EXERCISE:
Starting with the line in which "Twelve Labs能够做" appears, give back every line exactly as written until the listing ends, excluding pictures.

Segment Start: WORKING DATA

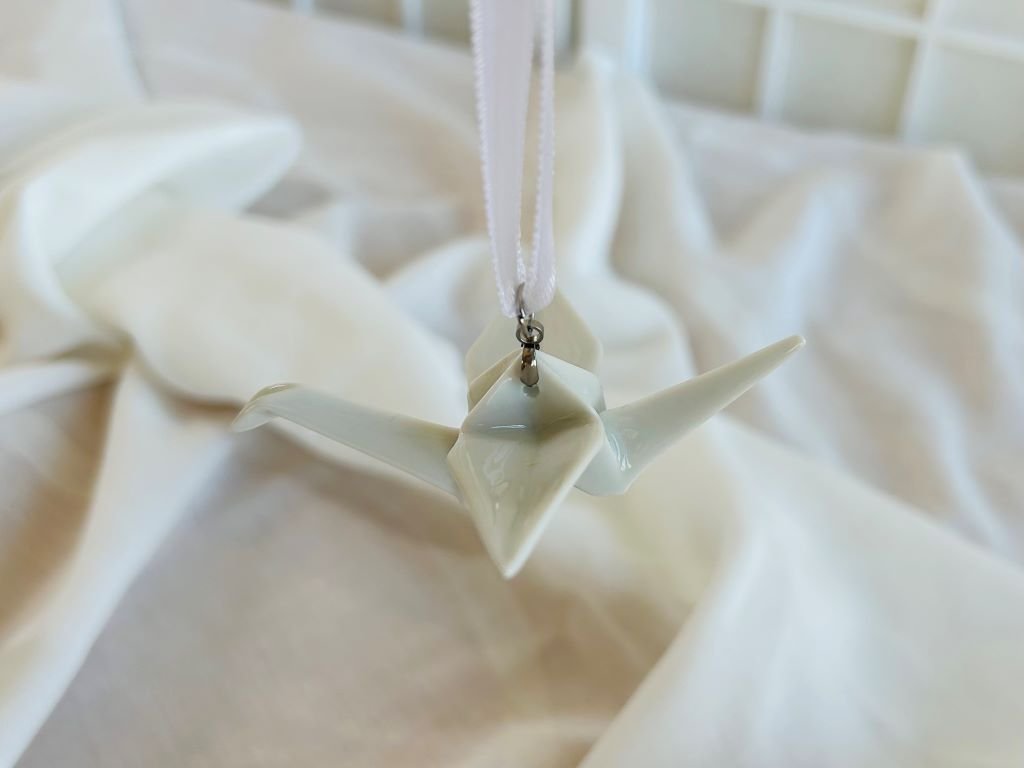 Jeřáb má rozpětí křídel cca 8 cm a byl vyroben v české porcelánce
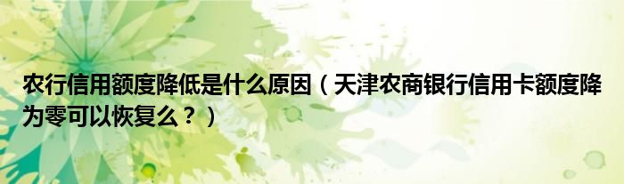 大家好,小元来为大家解答问题。农行信用额度降低是什么原因,天津农商银行信用卡额度降为零可以恢复么?这个很多人还不知道,现在让我们一起来了解下吧!
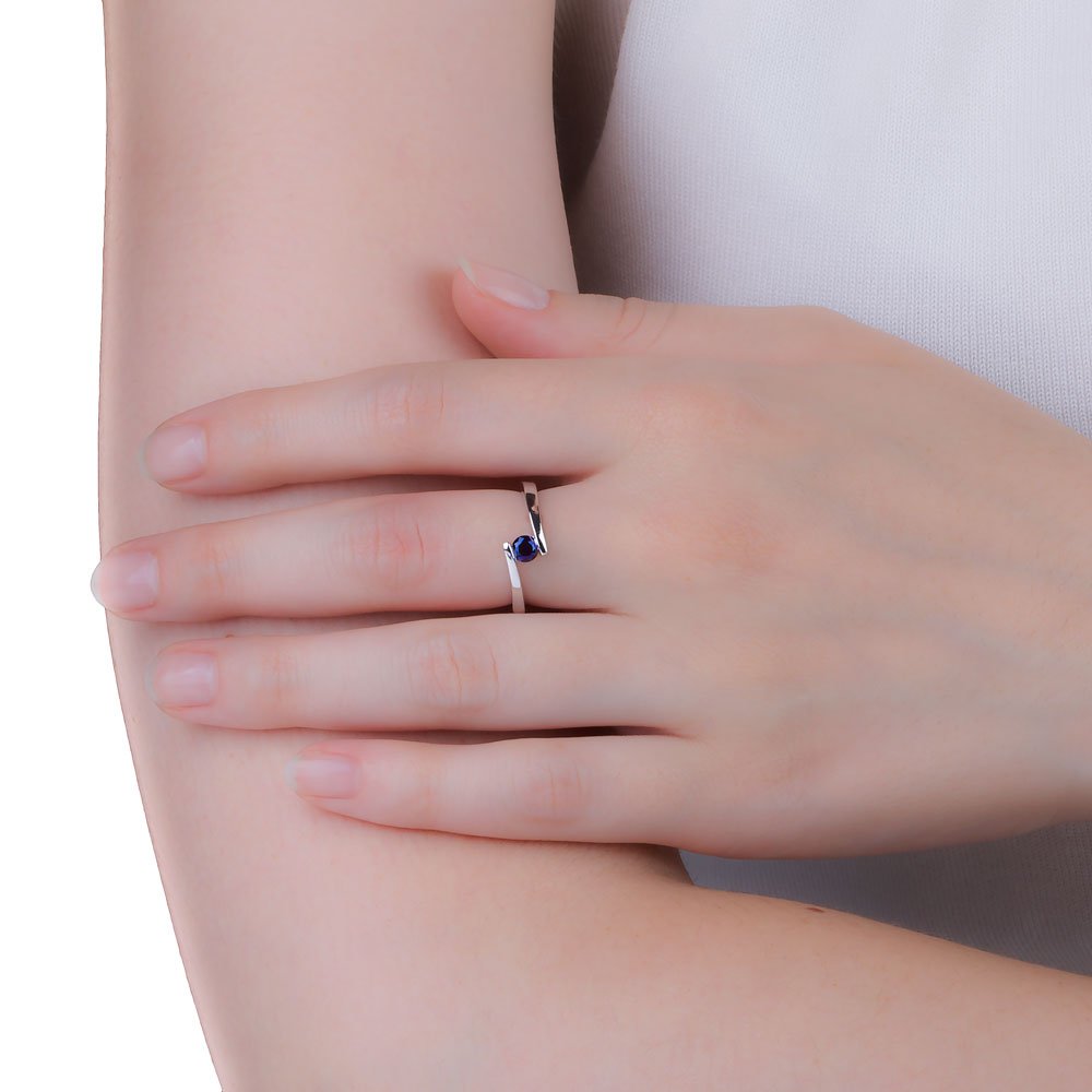 Stack up on style with this elegant and classic Round Brilliant Cut Laboratory-Grown Blue Sapphire Crossover Ring in Sterling Silver with Rhodium plating.
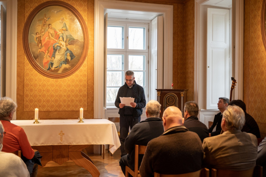 Szentségimádást követően az Apostolok cselekedeteinek egy szakaszához kapcsolódó elmélkedéssel és egy tanúságtétellel kezdődött a program a felújított volt bencés kolostor kápolnájában.
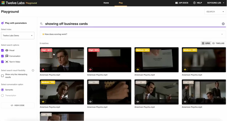 Twelve Labs能够做到让AI读懂视频,并且通过关键字搜索的方式从视频中提取特征,例如动作、对象、屏幕上的文本、语音和人物。
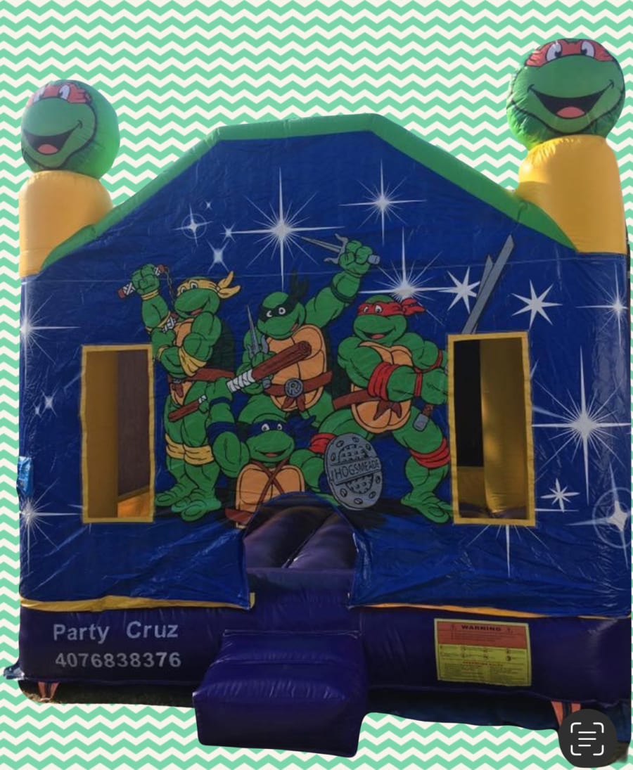 Hang out with Leonardo, Donatello, Michelangelo, and Raphael who are most commonly known as the Teenage Mutant Ninja Turtles. Get ready to have a good time jumping with the turtles. Our Teenage Mutant Ninja Turtle bounce is perfect for any fan of the Ninja Turtles that is ready to get their turtle power on. Boys and girls of all ages can enjoy this bounce house. Toddlers may need some help climbing in but they will have a great time inside. The Teenage Mutant Ninja Turtle Bounce House is covered to shield the kids inside from the sun or weather. It comes with a 1HP Blower when rented. This is a very popular bounce house as it is flexible to go with girls or boys and various themes of parties.
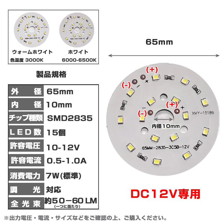 LED モジュール LEDチップ LEDユニット DC12V専用 LED15灯 7W 65mm大型タイプ(ホワイト/電球色) 2色選択 調光対応 LEDランプ 照明 修理 交換用 DIY
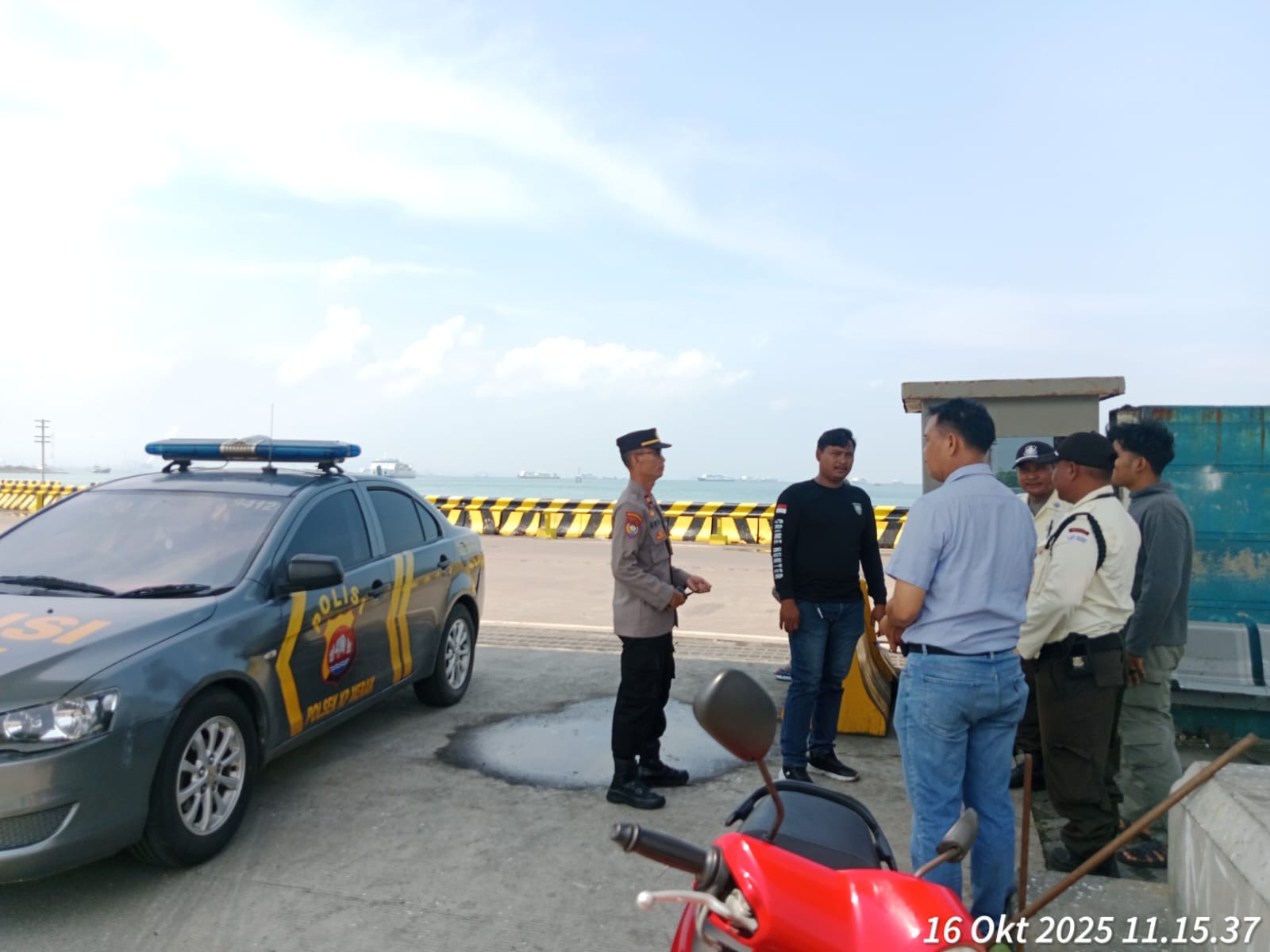 Cilegon - Personel Polsek Kskp Merak Polres Cilegon Polda Banten melaksanakan sambang dan patroli kawasan pelabuhan merak dalam rangka menjaga Harkamtibmas di Kawasan Pelabuhan Merak, Kamis (16/10/2025).

Segment End: WORKING DATA

OUTPUT OF THE TASK:
 Twelve Labs能够做到让AI读懂视频,并且通过关键字搜索的方式从视频中提取特征,例如动作、对象、屏幕上的文本、语音和人物。
 Hang out with Leonardo, Donatello, Michelangelo, and Raphael who are most commonly known as the Teenage Mutant Ninja Turtles. Get ready to have a good time jumping with the turtles. Our Teenage Mutant Ninja Turtle bounce is perfect for any fan of the Ninja Turtles that is ready to get their turtle power on. Boys and girls of all ages can enjoy this bounce house. Toddlers may need some help climbing in but they will have a great time inside. The Teenage Mutant Ninja Turtle Bounce House is covered to shield the kids inside from the sun or weather. It comes with a 1HP Blower when rented. This is a very popular bounce house as it is flexible to go with girls or boys and various themes of parties.
 LED モジュール LEDチップ LEDユニット DC12V専用 LED15灯 7W 65mm大型タイプ(ホワイト/電球色) 2色選択 調光対応 LEDランプ 照明 修理 交換用 DIY
 Cilegon - Personel Polsek Kskp Merak Polres Cilegon Polda Banten melaksanakan sambang dan patroli kawasan pelabuhan merak dalam rangka menjaga Harkamtibmas di Kawasan Pelabuhan Merak, Kamis (16/10/2025).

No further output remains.